**REQUIRED WORK:**
Under this line is a listing; return exactly the lines starting at the one with "مرض أخي هو عنوان" and running down to the one with "Autofocus EF-M-mount digital", and leave out its pictures.

**MATERIAL FOR THIS EXERCISE:**
==========

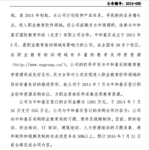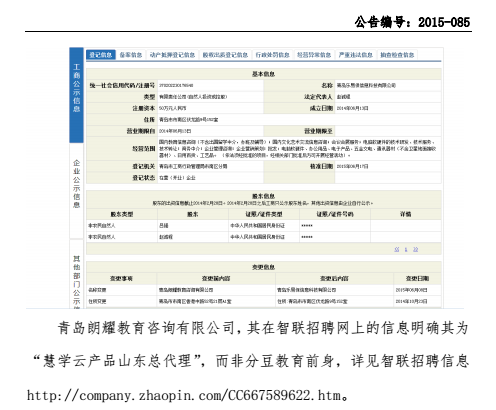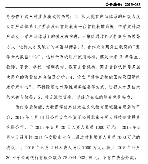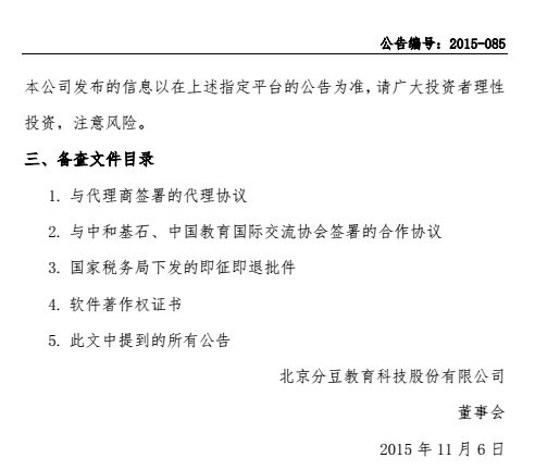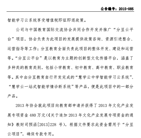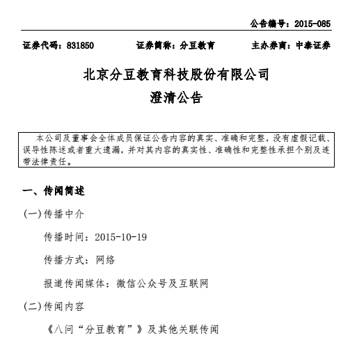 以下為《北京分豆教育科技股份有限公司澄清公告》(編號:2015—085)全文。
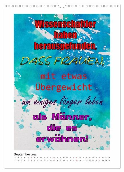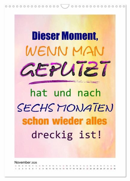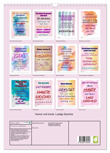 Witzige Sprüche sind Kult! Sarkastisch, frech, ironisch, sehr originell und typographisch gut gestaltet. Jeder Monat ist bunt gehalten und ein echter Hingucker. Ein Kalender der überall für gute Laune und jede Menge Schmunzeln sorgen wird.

==========

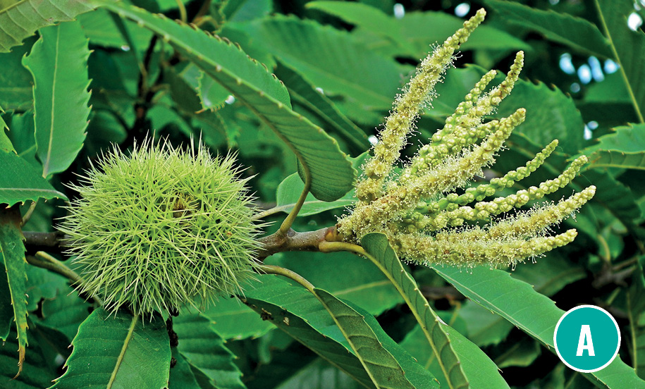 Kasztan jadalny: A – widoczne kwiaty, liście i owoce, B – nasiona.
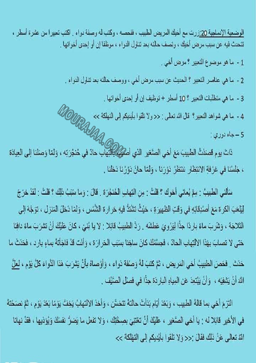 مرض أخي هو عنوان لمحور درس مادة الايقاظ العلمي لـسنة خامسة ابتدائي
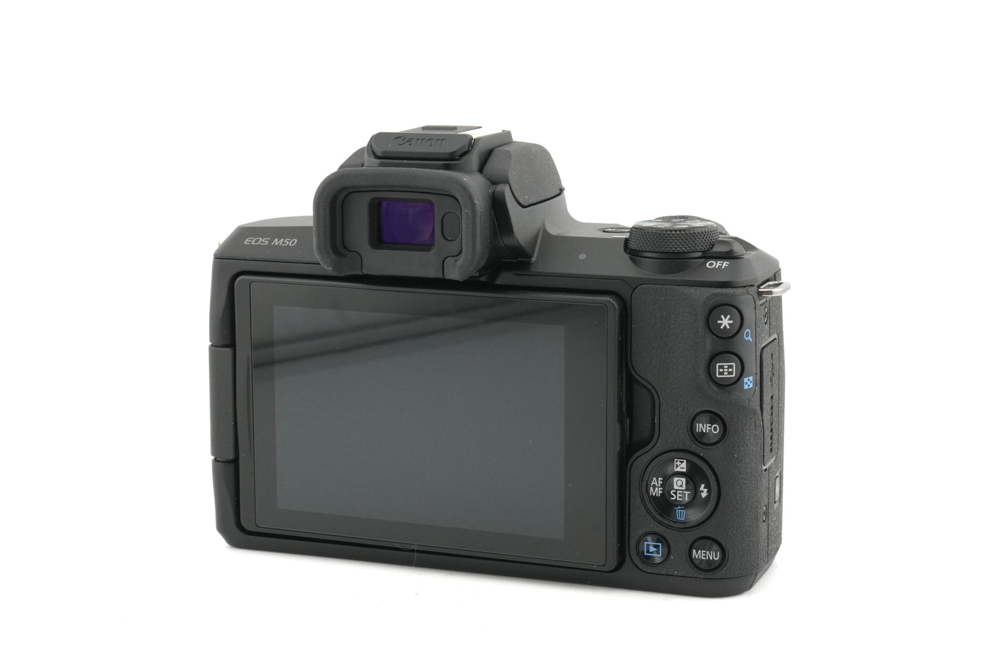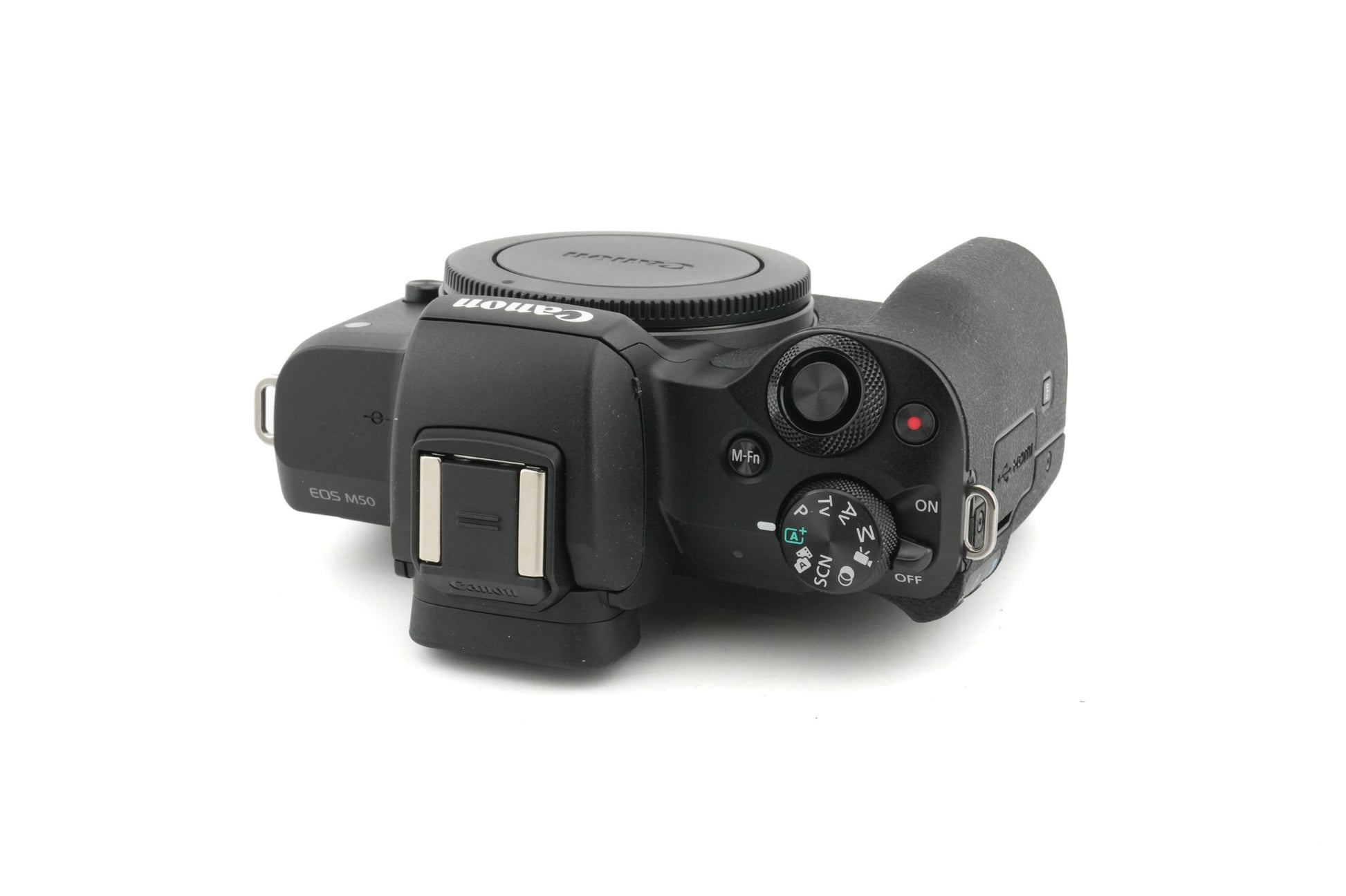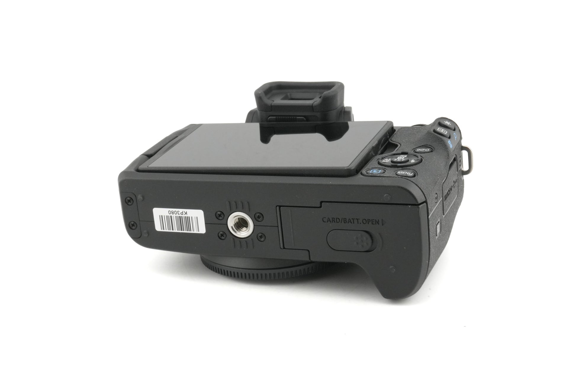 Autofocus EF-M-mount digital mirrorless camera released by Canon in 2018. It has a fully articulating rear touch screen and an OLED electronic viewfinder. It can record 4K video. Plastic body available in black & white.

==========

**ANSWER SECTION:**
 مرض أخي هو عنوان لمحور درس مادة الايقاظ العلمي لـسنة خامسة ابتدائي
 Autofocus EF-M-mount digital mirrorless camera released by Canon in 2018. It has a fully articulating rear touch screen and an OLED electronic viewfinder. It can record 4K video. Plastic body available in black & white.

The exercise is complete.